Any reference ? (So we can look at the expressions)

 

[fxdung]

It is in Concepts in Thermal Physics of Blundell page 73:
8.3 The mean free path
Having derived the mean collision time, it is tempting to derive the mean free path as
λ=<v><τ>=<v>/nσv (8.15)

 

[BvU]

Don't have the book. But it looks linear ?
However, 'Tempting' begs for a context ...

 

[fxdung]

Reality one substitute v=squaroot(2)*<v>(because v is relative speed) but the formula is not changed.Here we have product of two mean value.

 

[BvU]

Ah, the 'tempting' refers to the need of relative speed, same as in hyperpyhsics link.

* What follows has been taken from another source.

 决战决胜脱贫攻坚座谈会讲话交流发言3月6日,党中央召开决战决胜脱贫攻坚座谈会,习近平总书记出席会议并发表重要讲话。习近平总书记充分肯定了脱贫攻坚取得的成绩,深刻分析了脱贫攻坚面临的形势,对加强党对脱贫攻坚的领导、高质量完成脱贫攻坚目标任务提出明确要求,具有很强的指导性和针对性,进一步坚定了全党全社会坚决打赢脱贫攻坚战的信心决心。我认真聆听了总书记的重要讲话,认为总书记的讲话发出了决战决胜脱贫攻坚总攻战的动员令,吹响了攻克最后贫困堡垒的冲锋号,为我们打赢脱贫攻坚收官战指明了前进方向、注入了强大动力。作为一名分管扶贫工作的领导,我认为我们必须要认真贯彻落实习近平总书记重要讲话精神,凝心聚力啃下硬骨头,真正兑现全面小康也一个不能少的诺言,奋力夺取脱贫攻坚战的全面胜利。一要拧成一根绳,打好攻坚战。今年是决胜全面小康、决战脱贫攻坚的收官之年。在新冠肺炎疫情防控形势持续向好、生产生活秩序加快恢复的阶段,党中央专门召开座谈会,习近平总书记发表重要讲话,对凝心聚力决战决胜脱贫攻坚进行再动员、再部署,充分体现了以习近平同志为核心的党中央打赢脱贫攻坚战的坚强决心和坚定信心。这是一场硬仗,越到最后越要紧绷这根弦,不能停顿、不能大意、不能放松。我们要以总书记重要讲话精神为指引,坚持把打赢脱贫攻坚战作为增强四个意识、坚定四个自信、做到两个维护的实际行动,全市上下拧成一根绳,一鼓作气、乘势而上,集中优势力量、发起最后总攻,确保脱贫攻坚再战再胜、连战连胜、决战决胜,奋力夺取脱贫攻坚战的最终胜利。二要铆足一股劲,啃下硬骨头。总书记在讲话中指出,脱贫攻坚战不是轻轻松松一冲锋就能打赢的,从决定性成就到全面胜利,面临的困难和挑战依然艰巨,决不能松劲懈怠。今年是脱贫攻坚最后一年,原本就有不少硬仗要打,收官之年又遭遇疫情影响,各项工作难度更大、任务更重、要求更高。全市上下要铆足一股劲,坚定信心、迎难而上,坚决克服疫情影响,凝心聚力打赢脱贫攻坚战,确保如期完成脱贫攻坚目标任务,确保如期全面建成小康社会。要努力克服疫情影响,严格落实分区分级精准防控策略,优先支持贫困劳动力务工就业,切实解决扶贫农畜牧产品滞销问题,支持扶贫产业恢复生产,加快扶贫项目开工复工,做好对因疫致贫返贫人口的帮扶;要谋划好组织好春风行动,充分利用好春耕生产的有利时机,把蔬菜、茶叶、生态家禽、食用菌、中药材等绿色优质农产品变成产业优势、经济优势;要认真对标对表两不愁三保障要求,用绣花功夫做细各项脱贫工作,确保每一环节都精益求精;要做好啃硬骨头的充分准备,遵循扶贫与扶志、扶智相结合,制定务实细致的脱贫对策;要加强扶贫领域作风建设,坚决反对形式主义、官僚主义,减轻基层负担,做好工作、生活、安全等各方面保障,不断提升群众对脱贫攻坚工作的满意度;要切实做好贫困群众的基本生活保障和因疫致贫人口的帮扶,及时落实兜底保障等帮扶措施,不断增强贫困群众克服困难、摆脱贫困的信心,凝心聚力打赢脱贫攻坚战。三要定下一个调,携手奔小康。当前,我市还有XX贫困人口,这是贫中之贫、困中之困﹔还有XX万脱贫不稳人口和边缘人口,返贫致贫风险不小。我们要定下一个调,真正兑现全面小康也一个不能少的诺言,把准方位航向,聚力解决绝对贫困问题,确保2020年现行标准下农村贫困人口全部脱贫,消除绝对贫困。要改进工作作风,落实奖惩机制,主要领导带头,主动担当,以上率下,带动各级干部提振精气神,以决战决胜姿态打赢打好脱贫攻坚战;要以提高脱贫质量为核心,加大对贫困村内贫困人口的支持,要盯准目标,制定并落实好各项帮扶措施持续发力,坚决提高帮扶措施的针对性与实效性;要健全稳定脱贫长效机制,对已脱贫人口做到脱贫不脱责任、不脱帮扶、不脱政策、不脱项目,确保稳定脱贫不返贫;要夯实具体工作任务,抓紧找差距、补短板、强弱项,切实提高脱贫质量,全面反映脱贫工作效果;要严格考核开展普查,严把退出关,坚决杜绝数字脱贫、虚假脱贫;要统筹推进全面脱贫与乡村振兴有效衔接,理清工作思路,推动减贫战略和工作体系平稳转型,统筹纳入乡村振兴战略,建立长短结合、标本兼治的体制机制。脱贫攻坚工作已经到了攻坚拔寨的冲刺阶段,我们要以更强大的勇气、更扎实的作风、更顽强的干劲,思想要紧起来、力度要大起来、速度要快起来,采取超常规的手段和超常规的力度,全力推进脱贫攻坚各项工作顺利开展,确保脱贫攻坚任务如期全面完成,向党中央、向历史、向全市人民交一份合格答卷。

And the side note (eq 7.23) doesn't throw a tantrum over an error of some 8%, so not much reason to worry

 

[fxdung]

But what I like to ask is why can we write mean lamda=product of mean speed and mean time?

 

[BvU]

Because the free path is the distance covered between collisions, and the time between collisions is worked out in 8.1.
Distance = $v$ times $t$...

Note that the derivation is an estimate: just like $v$ has a distribution, so will $\lambda$

 

[fxdung]

If v and t are independent values then the mean value of the product equals product of the mean values, But why we know that they are independent value(Why probability of product equals product of probabilities of v and t)?

 

[BvU]

They are clearly not independent $t\propto {1\over v}$

Note that the derivation is an estimate: Main takeaway is to show that $\lambda >> d$

 

[fxdung]

In Classical Physics we calculate all mean values as calculating the values!Why?

 

[BvU]

Maybe because it's good enough ?

 

[fxdung]

It seems clear for the transition from Quantum Mechanics to Classical Physics(the uncertainty is able to omit in Classical Physics).But how about Classical Statistics Mechanics?Can we omit the error deviating from the mean values?

 

[BvU]

That's so general a question I don't feel qualified to answer. @vela ? @vanhees71 ?

 

[vanhees71]

The idea that always $\langle f(\vec{x},\vec{p}) \rangle=f(\langle \vec{x} \rangle,\langle \vec{p}$, \rangle) is obviously WRONG.

Take an ideal gas in the classical limit. Then the phase-space distribution function is given by the Maxwell-Boltzmann distribution,
$$\frac{\mathrm{d} N}{\mathrm{d}^3 x \mathrm{d}^3 p}=\frac{1}{(2 \pi \hbar)^3} \exp\left (-\frac{\vec{p}^2}{2m k T} \right)=f(\vec{x},\vec{p}).$$
The average momentum is obviously
$$\langle \vec{p} \rangle=\frac{1}{Z} V \int_{\mathbb{R}^3} \mathrm{d}^3 p \vec{p} f(\vec{p})=0$$
but
$$\langle \vec{p}^2 \rangle=2m \langle E \rangle=3m k T \neq \langle \vec{p} \rangle^2.$$

 

[fxdung]

If all physical values >0, then in thermodynamic limit,the mean value of function of variables is equal the function of mean values of the variables?